>>>>
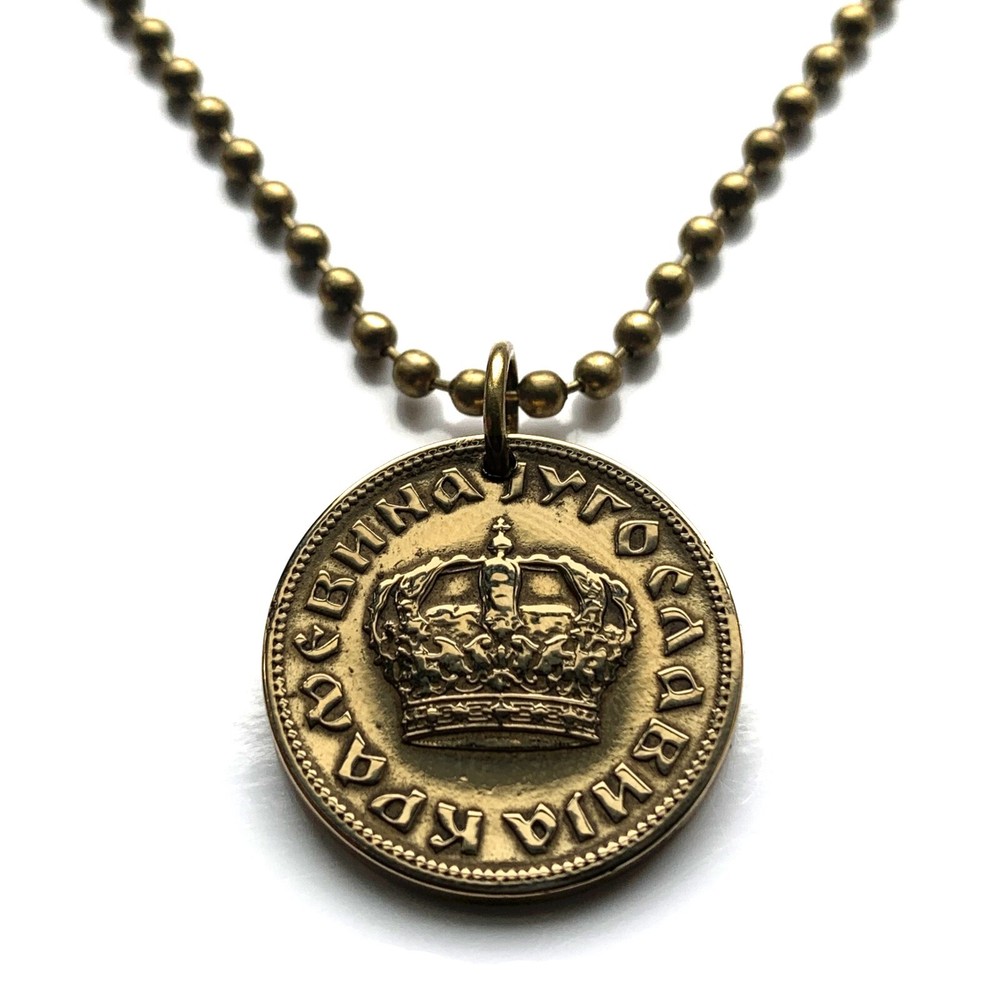 1938 Yugoslavia 1 Dinar {1-year issue} 17S King Petar II FEATURING front: large crown Lettering: КРАЉЕВИНА ЈУГОСЛАВИЈА (Kingdom of Yugoslavia) • quantity 1 • demonetized {no longer in circulation} polished Aluminium-Bronze coin • diameter: 21 mm • weight: 3.5 g • comes with a 24" stainless steel ball chain Yugoslavia Jugoslavija Југославија coin pendant necklace jewelry golden crown Belgrade Serbia Srbija Croatia Macedonia Slovenia Montenegro Bosnia & Herzegovina Kosovo Sarajevo Zagreb Skopje Ljubljana Jajce Vojvodina Podgorica Split Sušak South
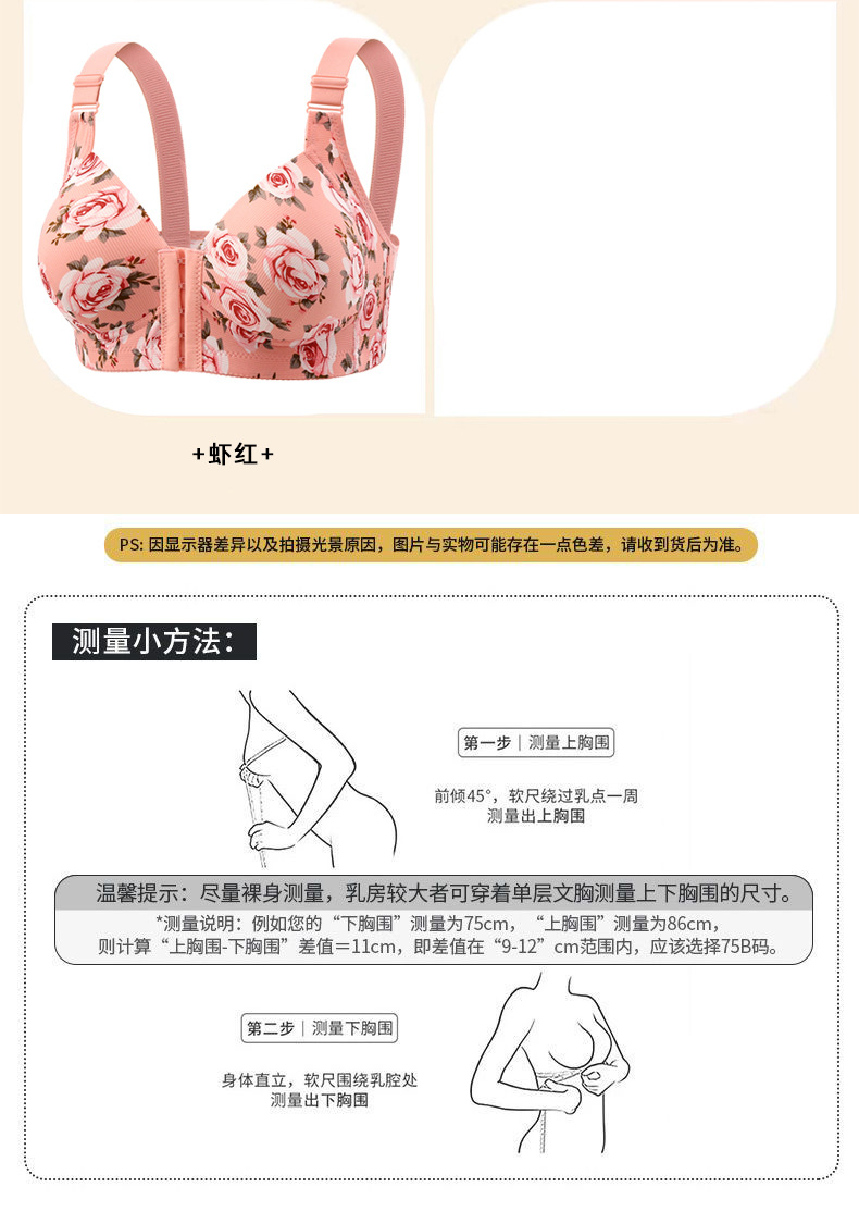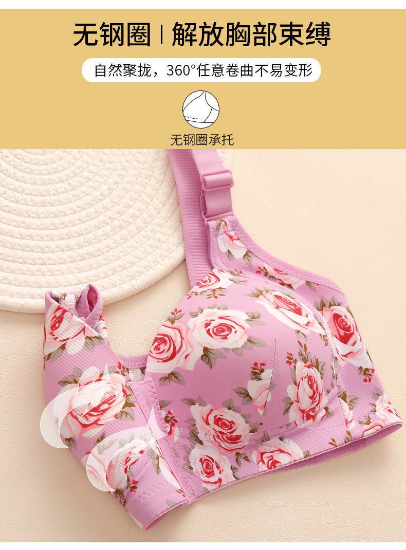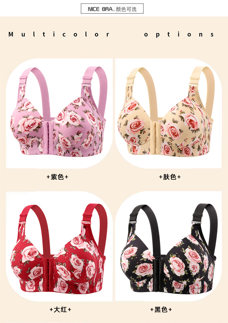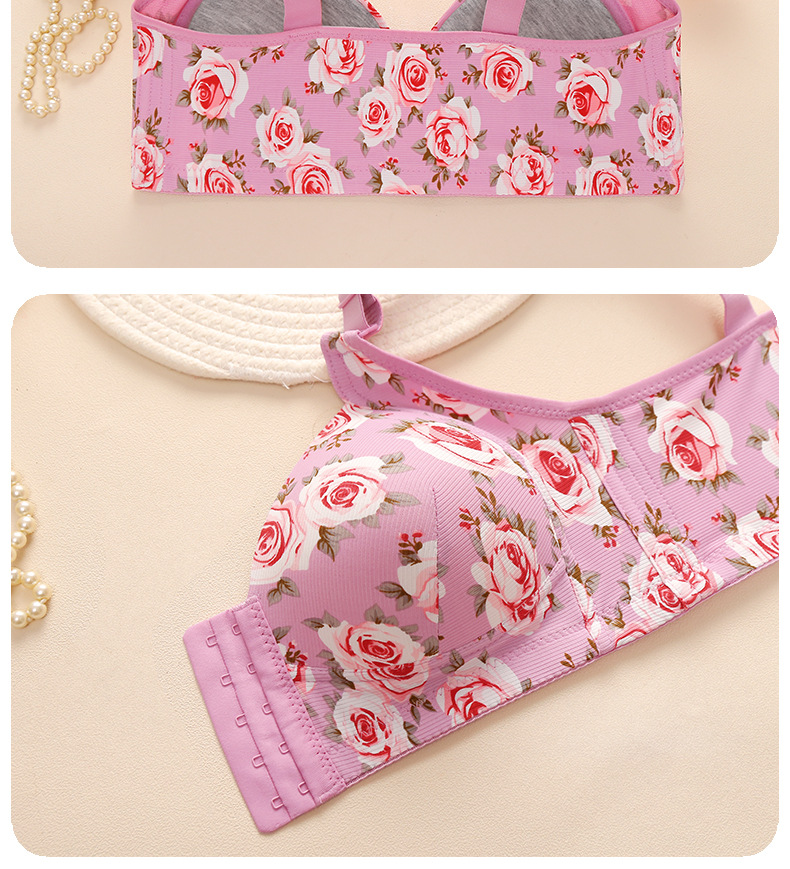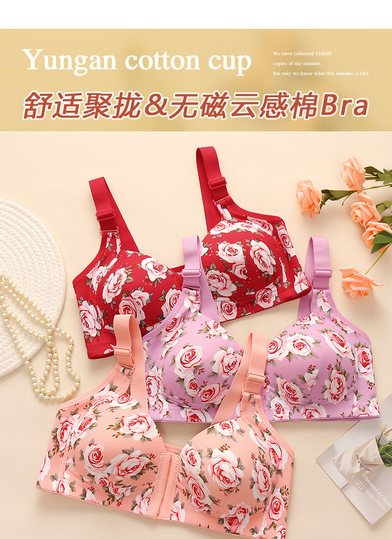 국경 앞 버클 브래지어 얇은 대형 브래지어 의류 여성용 스틸 링 장미 인쇄 제조 업체 대외 무역 플러스 사이즈 브래지어스토어 가기
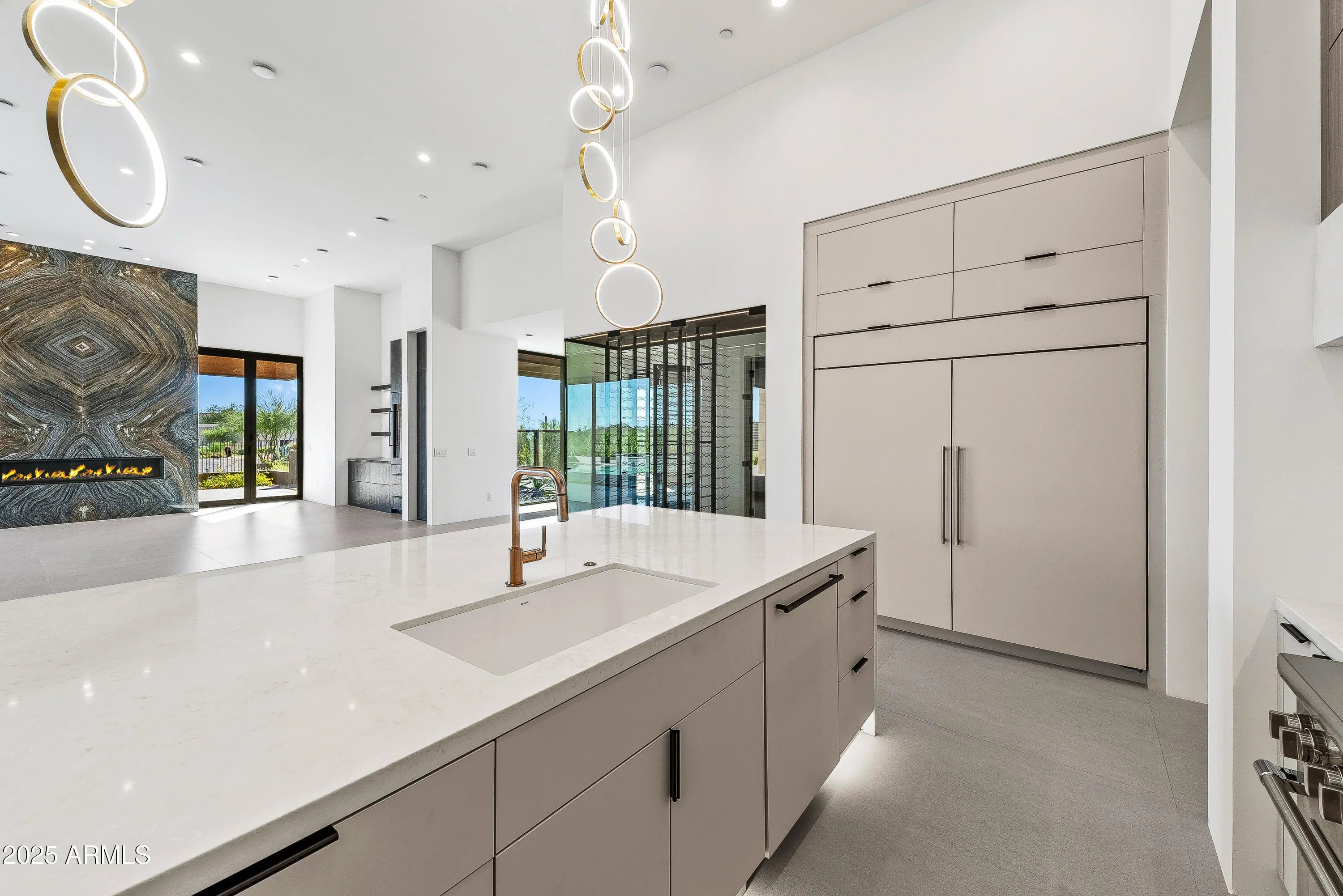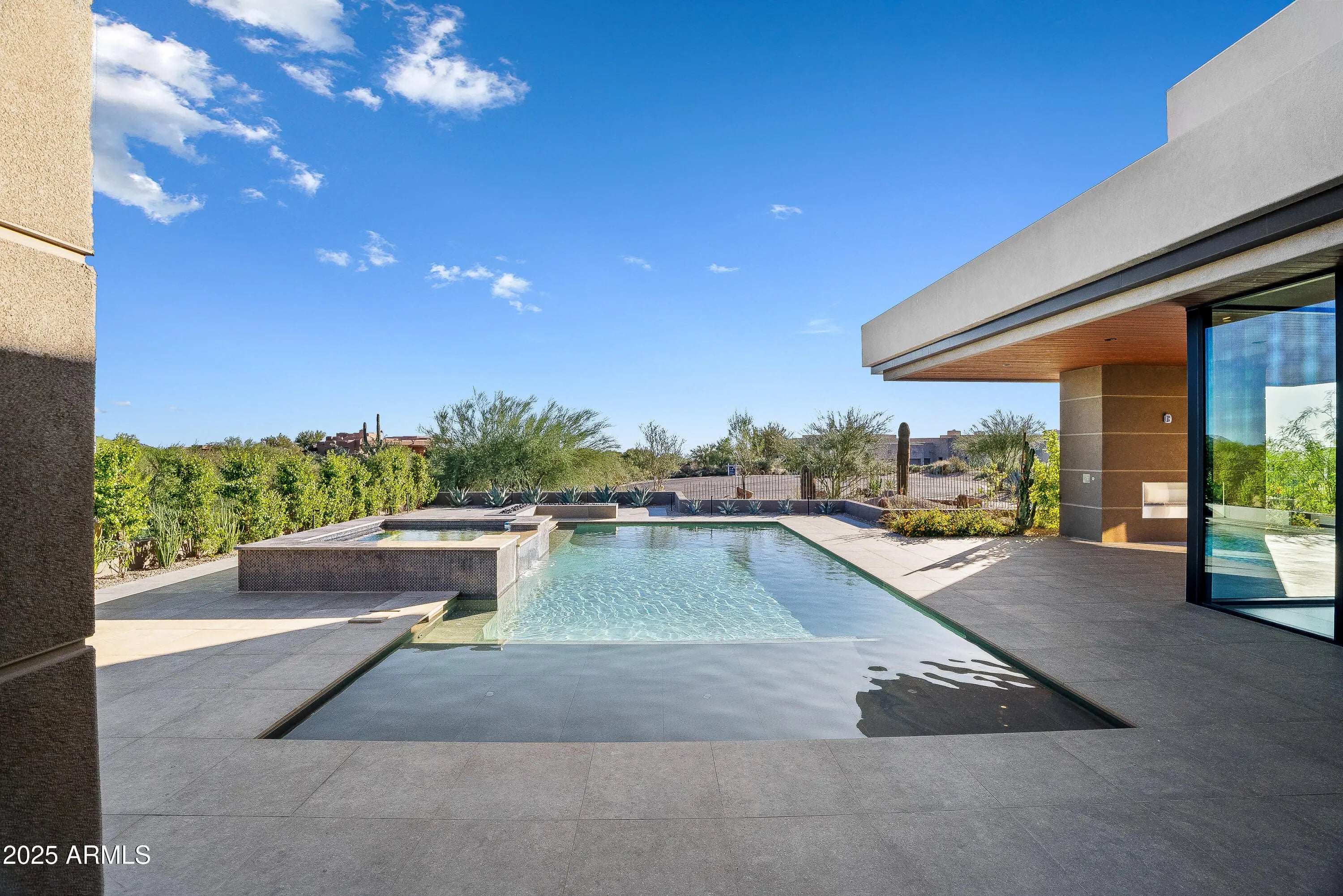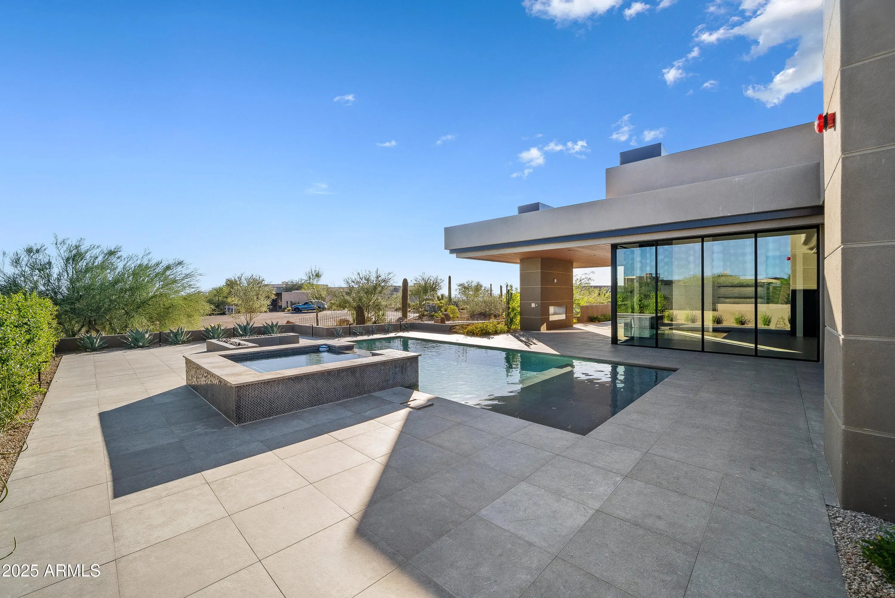 Newly completed, this 4 bedroom, 4.5 bath residence in Desert Mountain, Scottsdale, AZ embodies the art of modern living, designed for the Sonoran landscape by acclaimed architect Brian Raines. On an exceptionally private lot within one of Scottsdale's premier private golf communities. The beautifully curated landscape surrounds the home creating a stunning approach and incredible curb appeal that sets the tone for the refined experience within. As you enter through the stunning glass pivot door, the home opens into a grand yet welcoming great room, where towering floor-to-ceiling glass walls frame the mountains and the ever-shifting desert sky. The space is expansive and intimate, centered around a modern fireplace and a beautiful custom bar complete with a wine refrigerator, cooling drawer, and ice maker perfect for an elegant evening at home. At the center, a chef's kitchen tailored for the culinary purist. Outfitted with the highest-level appliance suite, it features a six-burner gas range, double ovens, integrated refrigerator and freezer, dishwasher, and a built-in Sub-Zero coffee and espresso maker. The expansive quartz island and custom cabinetry showcase the tailored craftsmanship. A fully equipped back kitchen extends the function of the main. Complete with its own refrigerator, cooling and freezer drawers, microwave, sink, dishwasher, and generous pantry storage, it provides an effortless way to host while maintaining visual serenity throughout the main space. The primary suite is a retreat of rare tranquility. A spa inspired bath features dual vanities, a freestanding soaking tub, and a glass shower. The double doors to the outdoors open to a private outdoor spa and shower, surrounded by native desert flora. The custom dressing room includes tailored storage and a built-in clothes steamer for pure luxury. Three well-appointed guest suites, each with a private ensuite bath, offer comfort for your guests. The front guest suite enjoys its own private entrance, making it an ideal space for a home office, art studio, or executive retreat, a thoughtful design detail that adapts beautifully to modern lifestyles. The laundry room mirrors that same attention to detail, with two full washer and dryer sets, another built-in steamer, and functional cabinetry designed for a clutter free environment. Outdoors, an expansive resort-style patio becomes an extension of the home itself. A large pool with a waterfall, integrated spa, and fire feature. And a covered sitting area with a fireplace, ideal for desert evenings. Every moment here feels intentional, grounded, and distinctly Desert Mountain. Completing the property is a five car garage, offering ample space for car enthusiasts or collectors, and another subtle mark of the home's thoughtful scale and refinement. Positioned within Desert Mountain's exclusive golf and lifestyle club, residents may apply for club membership to enjoy access to seven championship golf courses, private dining venues, spa, tennis courts, fitness center, private hiking, and 24-hour guard-gated security. Desert Mountain is Scottsdale's most Northern elevated community at the base of the Continental Mountains and within reach of Scottsdale's world-class restaurants, galleries, and luxury shopping.
<<<<
Each line from the top of the material through the line containing "국경 앞 버클 브래지어" should be reproduced exactly; please drop any images.

 1938 Yugoslavia 1 Dinar {1-year issue} 17S King Petar II FEATURING front: large crown Lettering: КРАЉЕВИНА ЈУГОСЛАВИЈА (Kingdom of Yugoslavia) • quantity 1 • demonetized {no longer in circulation} polished Aluminium-Bronze coin • diameter: 21 mm • weight: 3.5 g • comes with a 24" stainless steel ball chain Yugoslavia Jugoslavija Југославија coin pendant necklace jewelry golden crown Belgrade Serbia Srbija Croatia Macedonia Slovenia Montenegro Bosnia & Herzegovina Kosovo Sarajevo Zagreb Skopje Ljubljana Jajce Vojvodina Podgorica Split Sušak South
 국경 앞 버클 브래지어 얇은 대형 브래지어 의류 여성용 스틸 링 장미 인쇄 제조 업체 대외 무역 플러스 사이즈 브래지어스토어 가기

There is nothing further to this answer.